Stakeholder feedback sessions led to a shift away from the traditional choice of local landmarks as the inspiration for integral artworks.
This was due to the presence of mental health teams within the building and the associations between significant local landmarks such as the Humber Bridge and the Humber River and suicide.
Instead, more-generic graphics were used to achieve the feeling that workers are not in a clinical hospital environment.
Caruso explains: “The trust was sensitive about creating an environment that was particularly nice.
“It was about breaking down the space to accommodate different user groups and to acknowledge a need for focused work areas and a place where people could get away from their desks.
“We have considered each area and given it individual characteristics, either by colour of type of seating, for example.
“In this way everyone feels that, despite it being open plan, there is a sense of ownership and identification of the area each person is working in.”
Construction work took 11 weeks and the project incorporates a variety of energy-saving innovations
Furniture chosen was of a modular design which allows various groupings to suit each area.
And rooms have been designed to be flexible so if groups expand or contract the space can accommodate this in the future.
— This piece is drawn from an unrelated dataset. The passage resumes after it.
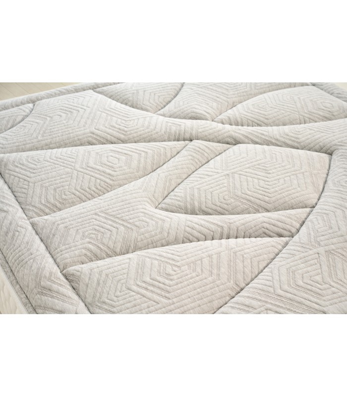 Además, sus muelles ensacados independientes proporcionan una adaptabilidad punto por punto al contorno del cuerpo, una correcta ventilación interna y una independencia total de lechos, asegurando un soporte firme y estable en toda la superficie. Sobre esta base se incorpora una capa de 2 cm de viscoelástica, que mejora la acogida del cuerpo, reduce los puntos de presión y favorece una postura ergonómicamente correcta durante el descanso.

As well as concentrating on the offices, recreational space was also integral to the design.
“Just because you start with a model of clusters and a need for privacy in some areas, does not mean that will continue to be the case for the life of the building, so you need to build in flexibility”, said Caruso.
And there are a number of refreshment and break-out spaces within the design so staff can move away from their desks.
Construction of the new office took 11 weeks at a cost of £875,000.
And the project incorporates a number of energy-saving elements. These include:
But, one of the biggest savings has been on overall floor space and the reduction of single or shared offices.
This is also the main facilitator for the emptying of the trust’s Wilson Building and its planned demolition to make way for a new clinical development.
The Wilson building is 1,530sqm in area and has a backlog maintenance requirement of £327,000 to bring it up to date.
The new facility has no backlog maintenance requirement and is only 900sqm, the equivalent of an overall saving in space of 630sq m.
Staff now enjoy functional, zoned spaces that provide a healthy environment, increasing the wellbeing and productivity of the workforce
In addition to this, figures received by Zenith show additional space savings of 545.2sq m based on the floor space used by the other teams which have moved into, or are due to move into, the development.
Calum Preston of Zenith Development Group, comments: “The people who save lives; piece lives back together; support families in their time of need; provide dignity and care at the end of life - these are the people we had in mind when designing and realising Suite 36.
“The people who do all these things, and more, deserve spaces in which they can work comfortably and be inspired.
“And, with estate rationalisation a key priority for the NHS, the Suite 36 project embodies the theory behind it.
“But it goes beyond just freeing up space for NHS use. We wanted to give the staff more than they expected and to support the culture of care.”
The open-plan feel to the space provides work areas together with carefully-design recreational spaces
He added: “Staff now work in modern, functional, high-spec spaces, which are accessible, sustainable and stimulating.
“They feel proud of their working environment, whether they are working at their desks, grabbing a coffee in the kitchen area, or coming together in one of the inspiring meeting rooms.
“The brief solved the problems staff faced before, namely a lack of storage; departments working remotely and individually; dated office environments that were no longer fit for purpose; and non-descript spaces.
“They now enjoy functional, zoned spaces that provide a healthy environment, increasing the wellbeing and productivity of the workforce.”